Recently however, this major biological impediment has been overcome by the development of more intact preparations where the specific cellular microarchitecture has been preserved. In these new, semi-intact preparations, it is now possible to record from the three major neuroepithelial components: the two hair cell types, and calyx afferent terminals. Results indicate there are significant differences in electrophysiological responses. For example, by maintaining the close apposition between the postsynaptic calyx terminal and the presynaptic type I hair cell an unusual form of non-quantal synaptic transmission has been identified. It appears the surrounding calyx acts as a barrier to diffusion, restricting normal spread of potassium (K+) away from the basolateral surface of the hair cell during the transduction process. This, in turn, causes K+ to accumulate in the cleft between the hair cell and the calyx terminal leading to dramatic depolarization of the type I hair cells and potentially the calyx afferent terminals as well. This unconventional form of transmission has major implications on hair cell/afferent function.
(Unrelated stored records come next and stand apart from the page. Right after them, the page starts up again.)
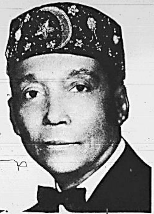
The Honorable Elijah Muhammad Messenger of Allah

YOU try to fight the white man, and then if he wounds you, you ask him to nurse your wounds, until you are able to go back and try to fight again. As civilized Black people we know that it takes a fool to do these things, but this is what you have already made of yourself. You want nothing of yourself, you only want what the white man offers to you.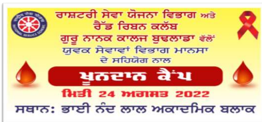
Figure 25: Brochure of the blood donation camp.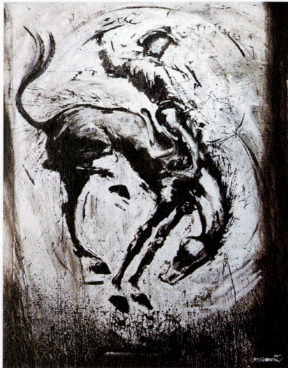
HORSE AND RIDER, 2005

Semi-intact preparations not only allow the study hair cell/afferent interactions, but also provide a means of investigating efferent action on the neuroepithelial components. Very little is known about the predominantly cholinergic efferent vestibular system (EVS), which transmits information from the CNS and modulates activity in peripheral vestibular organs. Classical anatomical studies suggest the EVS makes widespread contacts throughout the neuroepithelium, and it is therefore assumed all vestibular hair cells are subject to similar EVS influence. Emerging evidence from semi-intact preparations indicate that the EVS may have more targeted effects than previously thought. For example, during acetylcholine (ACh) exposure, fewer than 25% of type II hair cells respond, while a majority of type I hair cells are activated. The latter result is puzzling, as efferents terminals cannot make direct contact with type I hair cells due to the intervening afferent calyx. Why only some type II hair cells respond, and why type I hair cells respond at all to cholinergic stimulation remains a mystery.
Combining semi-intact preparations with recordings from isolated whole labyrinthine preparations, we are building a more complete picture of how peripheral vestibular organs function. By minimizing effects of tissue preparation and preserving the critical cellular milieu we are redefining peripheral vestibular function in ways that were not possible even a few years ago. Adopting a similar minimalist approaches to the study of the central vestibular system we predict this will also yield significant new insights into overall vestibular function.